Моя уголовная практика процветала. Гарри Форд, верховный судья Нью-Йорка в отставке, а ныне мой консультант, мог принимать клиентов в офисе, в то время как я стаптывал подметки в коридорах Сентер-стрит [3] и в здании Бруклинского суда. Гарри предпочитал торчать в офисе, чтобы не расставаться со своим псом Кларенсом, которого теперь уже с некоторой натяжкой можно было считать служебно-розыскной собакой.
Единственное, чего нам не хватало в новой фирме, – это грамотной секретарши, которая отвечала бы на звонки, печатала письма и документы и вообще слегка привела в порядок царящий у нас бумажный бардак. Адвокат хорош настолько, насколько хороша его административная поддержка, – умственные способности порой тут даже не на первом месте.
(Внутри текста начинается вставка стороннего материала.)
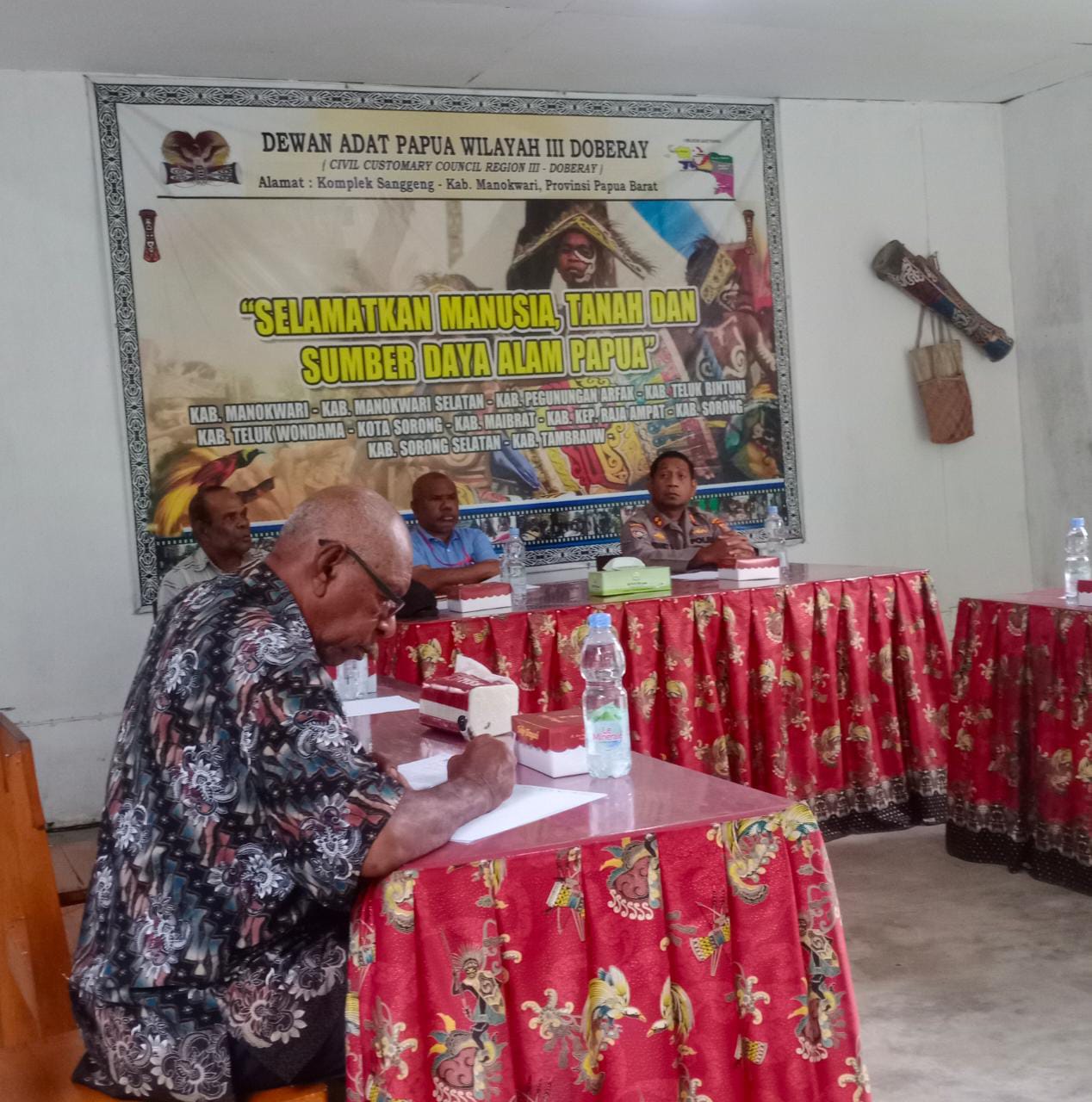 Polda Papua Barat dan Polres Manokwari beserta Dewan Adat Papua Wilayah III Doberay gelar Sosialisasi Kamtibmas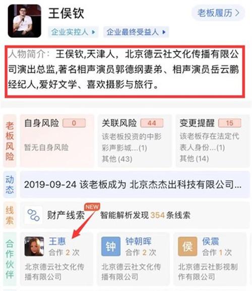 隨著這位知情人士將詳細細節爆料出來之后,也揭露了岳云鵬經紀人的身份,王俁欽。這只是岳云鵬的經紀人同時還是郭德綱現在的妻子王慧的弟弟,王俁欽要管郭德綱叫姐夫,吉林更要管岳云鵬的經紀人叫舅舅。除了是郭德綱的親戚之外,同時岳云鵬的經紀人還是德云社文化傳播有限公司的監事以及股東,持有德云社文化傳播有限公司1%的股份。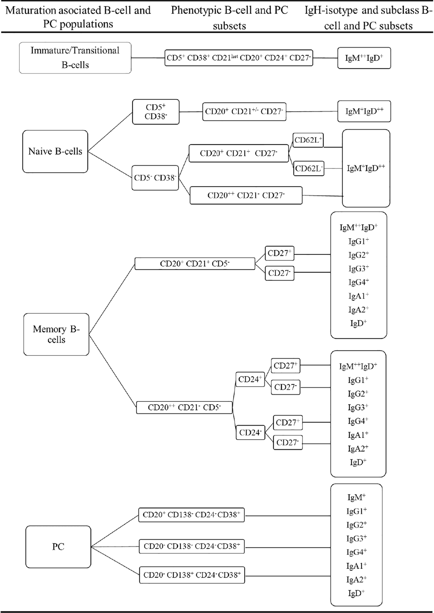 B-cells are key players in the adaptive immune response, where they develop very important roles related to their ability to e.g.: i) mature into plasma cells (PC) capable of producing antigen-specific antibodies of various isotypes and subclasses with multiple immune effector functions (6, 9, 10); ii) generate memory B-cells which can increase (in time and quality) specific immune responses in case of subsequent encounters with an antigen (5, 6); and, iii) act as functional antigen-presenting cells capable of co-stimulating surrounding T-cells (11). Advances in flow cytometry technologies have enabled the identification of >30 subsets of phenotypically and functionally different circulating B-cells in normal blood, which can be further dissected according to the immunoglobulin heavy chain (IgH) isotype and subclass they express (5, 6, 12–14). Of note, the distribution of these distinct maturation-associated functional subsets of B-lymphocytes and PC in blood varies significantly during life, from newborn cord blood to the elderly (5, 6, 10, 15, 16), as well as in different homeostatic states and disease conditions, with important clinical implications (17–24).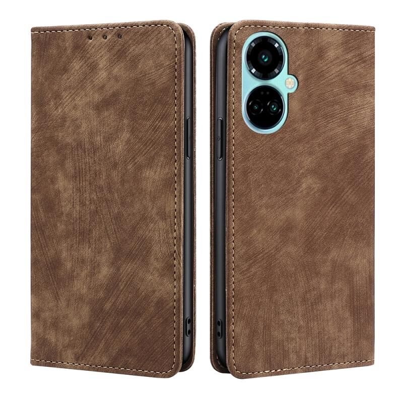 Για Tecno Camon 19 / 19 Pro RFID Anti-theft Brush Μαγνητική δερμάτινη θήκη τηλεφώνου (καφέ)

Так что Кейт разместила в интернете объявление о вакансии секретаря со знанием особенностей юриспруденции и теперь принимала соискателей. Сегодня утром кто-то опять должен был явиться на собеседование, и Кейт хотела, чтобы я при сем присутствовал. Мы с ней равноправные партнеры, и всё у нас поровну, включая решения – как хорошие, так и не очень. Назначено кандидату было на девять пятнадцать. Контора наша располагалась в Трайбеке [4], прямо над тату-салоном. Кейт мечтала об офисе в сверкающей башне неподалеку от Уолл-стрит – сплошь из стекла, сосны и натуральной кожи. Я просто не смог бы работать в таком месте, и Кейт сжалилась надо мной, позволив нам снять пару комнатушек над тату-салоном под названием «Прикольные наколки».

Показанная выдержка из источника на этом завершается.